● Exercise prompt
Leaving out all pictures, transcribe the lines below exactly, from the first through the line containing "12月16日讯 在本轮英超,曼联4-4战".
Source data START
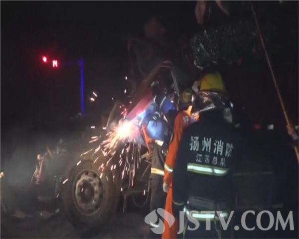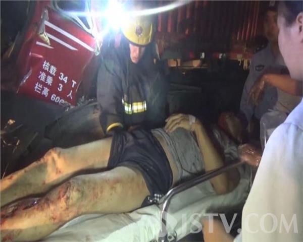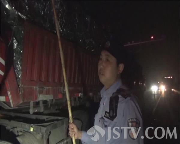6月1日深夜11点50分左右,安大公路扬州高邮市汉留红绿灯地段,发生惊险一幕,两辆大货车追尾相撞,后车司机受伤严重,奄奄一息,危在旦夕,当地交警、消防、派出所、120急救等部门接警,迅速前往救援,成功将受伤司机救出。在整个救援过程中,一位民警始终手持撑吊顶的竹篙一个小时,查看安慰,直至人被救出送医。
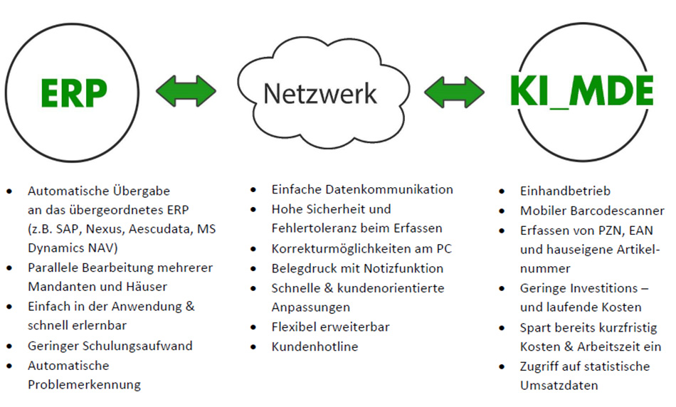 Diese werden über die KI_COM Schnittstelle ans Netzwerk angeschlossen. Die erfassten Daten werden automatisch an das beim Kunden vorhandene ERP-System übergeben, dadurch entfällt ein kostspieliges doppelt Erfassen der Daten.
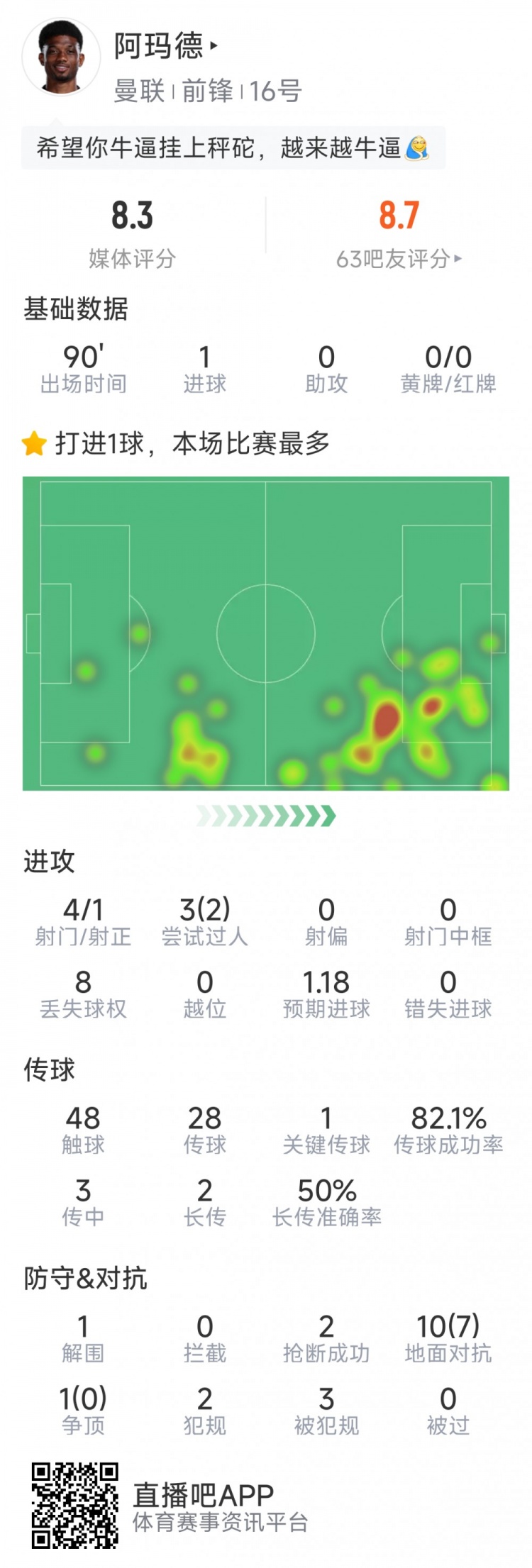 12月16日讯 在本轮英超,曼联4-4战平伯恩茅斯,以下为阿玛德本场数据:比赛时间90分钟1粒进球4射1正3次过人2次成功48次触球1次关键传球传球成功率82%1次解围2次抢断11次对抗7次成功评分8.3分
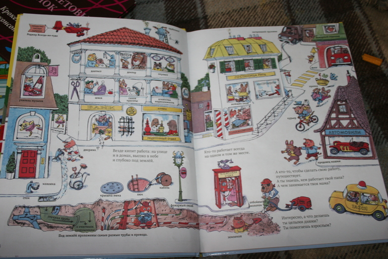 Тем много. Первая - первичный экскурс в профессии и их взаимосвязь(каждый удовлетворяет потребности других людей и наоборот). Далее - строительство дома, тушение пожара, как делают хлеб, как ухаживают за больными в больнице и т.д. И все - с такими чудесными подробностями (как для мальчишки) в виде труб, телефонопровода, электрики и т.д. и т.п. Классно. Классно! КЛАССНО.
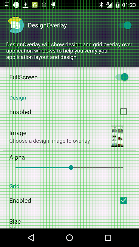 Shows a design image overlay w/ grid which helps you to verify your app design
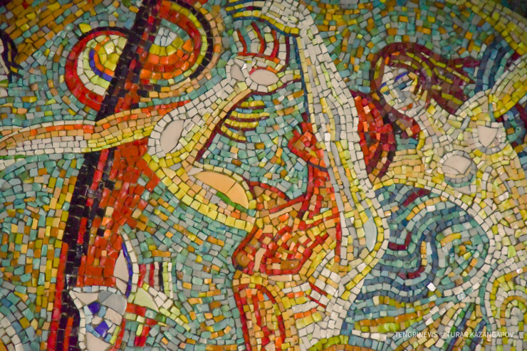 "Материал, из которого выполнена мозаика, называется смальта. Это художественное стекло, его отливают и раскалывают на небольшие фрагменты. В советское время были специальные заводы, которые занимались изготовлением этого материала. Сейчас подобных предприятий практически не осталось на территории бывшего СССР. В наши дни такие работы стоили бы очень дорого", - объясняет Темиртас.
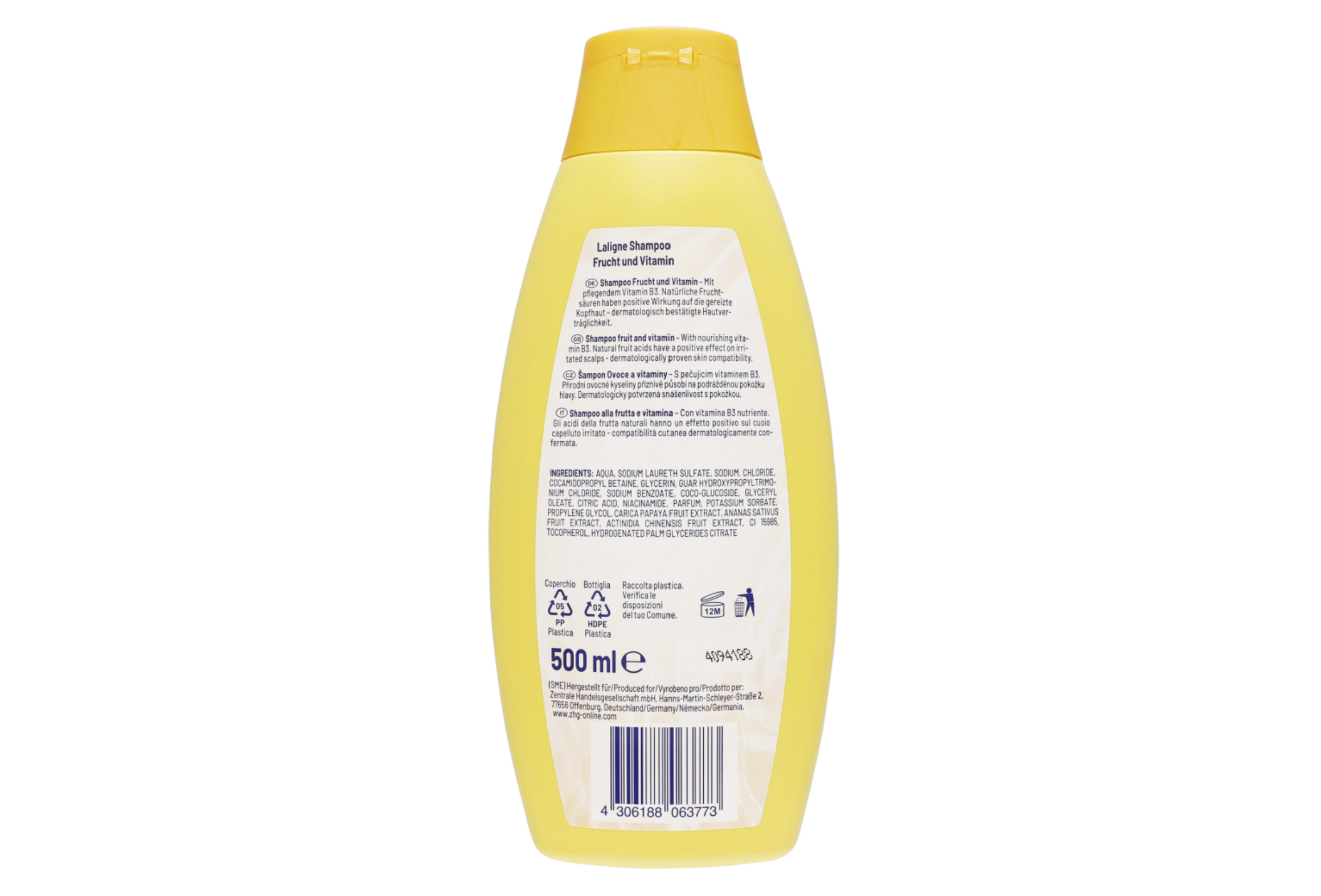 Shampoing aux fruits et vitamines enrichi en vitamine B3 nourrissante. Les acides de fruits naturels ont un effet positif sur les cuirs chevelus irrités.
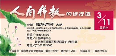 人間佛教的修行道 |2017.03.09 語音朗讀 1557觀看次 字級 大 中 小 慧靜法師佛學講座:人間佛教的修行道 時間:3月11日19:30~21:00 地點:三重禪淨中心 前一篇文章 妙檀香洗衣粉、洗衣精 下一篇文章 護國祈安祈福法會 熱門新聞 01【分數之外】看見另一種英文2026.04.0802男子氣概照護員 日本長照新力量2026.04.0503【轉移注意力】往理想中的自己邁進2026.04.0504一紙學歷換錢景 美學位價值遭質疑2026.04.0505降雨兩樣情 南部水庫沒解渴2026.04.0606【深頁凝視】《後院的鳥》凝神注視鳥兒登場2026.04.0507MLB鄧愷威拆彈 守住今井旅美首勝2026.04.0608租賃車業者違法攬客 觀光署:最高罰200萬元2026.04.0709暴雨狂炸苗栗 災情頻傳 2026.04.0510杉林溪園區 紫藤花盛開2026.04.08 訂閱電子報 台北市 天氣預報 台灣一週天氣預報 相關報導 以文字護持人間福報運動睡眠新科技 養生保健新利器房仲第一品牌 永慶加薪3% 體驗美好手作 製皂幸福時光 博愛社大春季班招生中 薩克斯風吹奏春季班 人間大學台中分校招生中 跨越十年縱橫南半球到北半球 《行者》新書上市
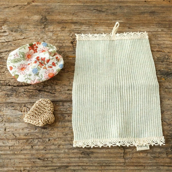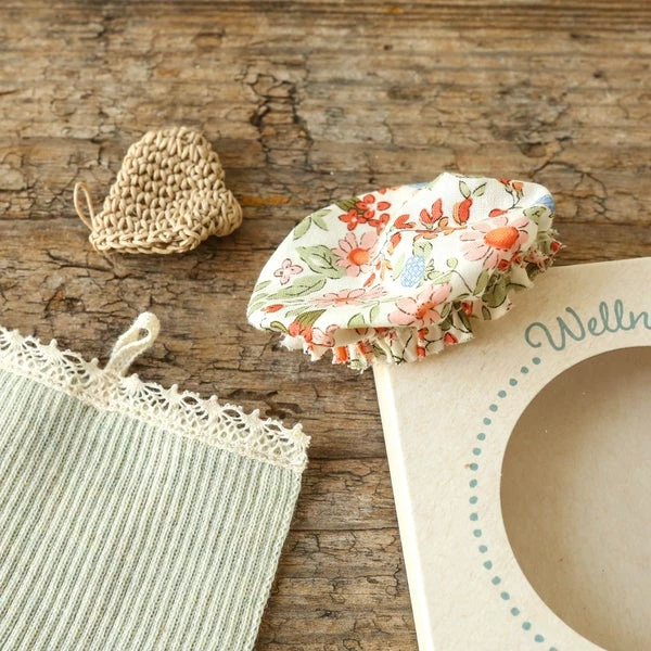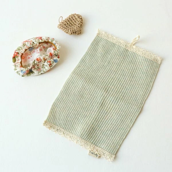 The wellness set comes with a towel, a bathing hat and a bath mitten. The hat and glove fits the Maileg bunnies size 1 & 2 and Teddy family. Fits: Bunny size 1 & 2 9cm x 9cm Age: 3+ years Wash: 30°C Material: Cotton/Polyester
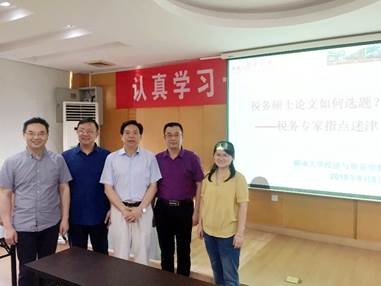 校外导师、国税总局稽查人才库成员段文涛老师,中南财经政法大学经济学博士、湖南省永州市地税局局长毛东庆老师和全国首批税务领军人才、湖南省国家税务局所得税处何振华老师三位税务专家受邀来到五楼自拍
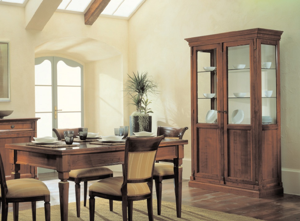 Showcase from Italian manufacturer Avenanti. The frame is made from wood with veneer surface. Finish as in the photo. Model with glass doors and side panels. Fittings - metal.
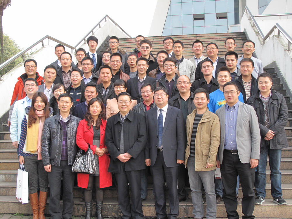 校友总会常务副会长蔡汉军(前排左四)与校友们合影 |
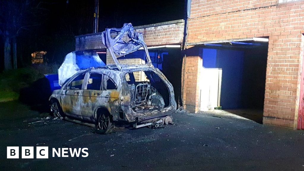 Donaghmore: Car destroyed in petrol bomb attack - BBC News
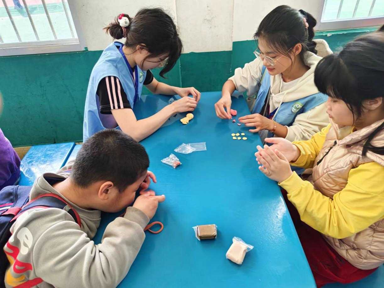 (志愿者与小朋友们玩胶泥塑型)
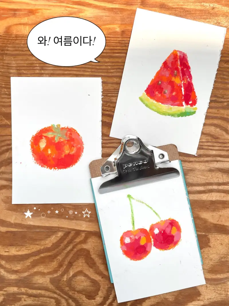 싱그러운 여름의 빨간맛들을 모아 그려보았습니다! 멋쟁이 토마토와 여름방학하면 생각나는 시원한 수박, 탱글탱글한 체리까지 빨간맛 총집합! 🍅🍉🍒♥️
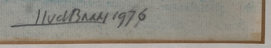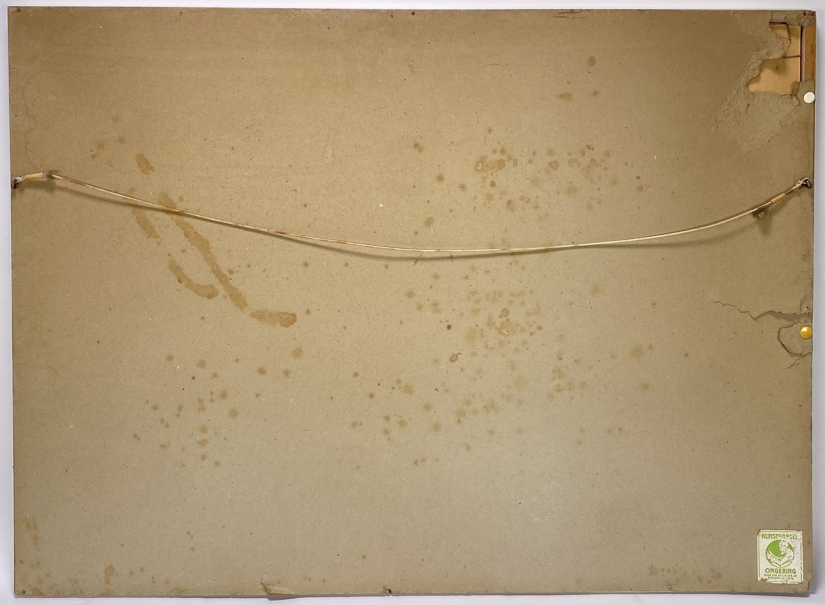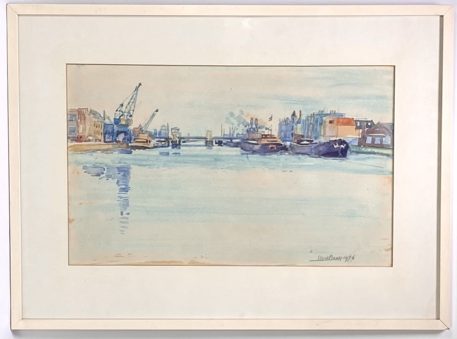 Maritieme aquarel op papier door Jan Lucas van der Baan (1912–1990), lid van Groninger Kunstkring De Ploeg. De aquarel uit 1976 is uitgevoerd in een post-impressionistische stijl met losse penseelvoering. De voorstelling toont een Nederlands havengezicht met schepen en hijskranen langs een kade, weergegeven in transparante, aquatische kleuren. Het werk is rechtsonder gesigneerd en gedateerd 'JL v.d. Baan 1976'. Wil je dit aquarel in het echt bekijken? Kom naar de kijkdagen op 28, 29 en 30 november! |
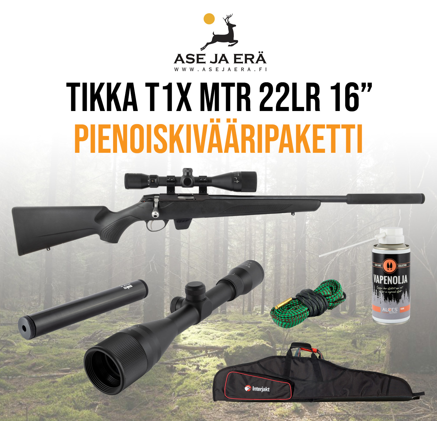 Tikka T1x 22LR pienoiskivääripaketti on kasattu huippusuositun kotimaisen Tikka T1x 22LR 16" pienoiskiväärin ympärille. Pienoiskiväärin lisäksi paketti sisältää Scandium C22 3-9x40 AO kiikaritähtäimen, AseUtra ECO äänenvaimentajan, asepussin sekä puhdistusnarun ja aseöljyn.
Source data END
● Answer for this exercise
6月1日深夜11点50分左右,安大公路扬州高邮市汉留红绿灯地段,发生惊险一幕,两辆大货车追尾相撞,后车司机受伤严重,奄奄一息,危在旦夕,当地交警、消防、派出所、120急救等部门接警,迅速前往救援,成功将受伤司机救出。在整个救援过程中,一位民警始终手持撑吊顶的竹篙一个小时,查看安慰,直至人被救出送医。
 Diese werden über die KI_COM Schnittstelle ans Netzwerk angeschlossen. Die erfassten Daten werden automatisch an das beim Kunden vorhandene ERP-System übergeben, dadurch entfällt ein kostspieliges doppelt Erfassen der Daten.
 12月16日讯 在本轮英超,曼联4-4战平伯恩茅斯,以下为阿玛德本场数据:比赛时间90分钟1粒进球4射1正3次过人2次成功48次触球1次关键传球传球成功率82%1次解围2次抢断11次对抗7次成功评分8.3分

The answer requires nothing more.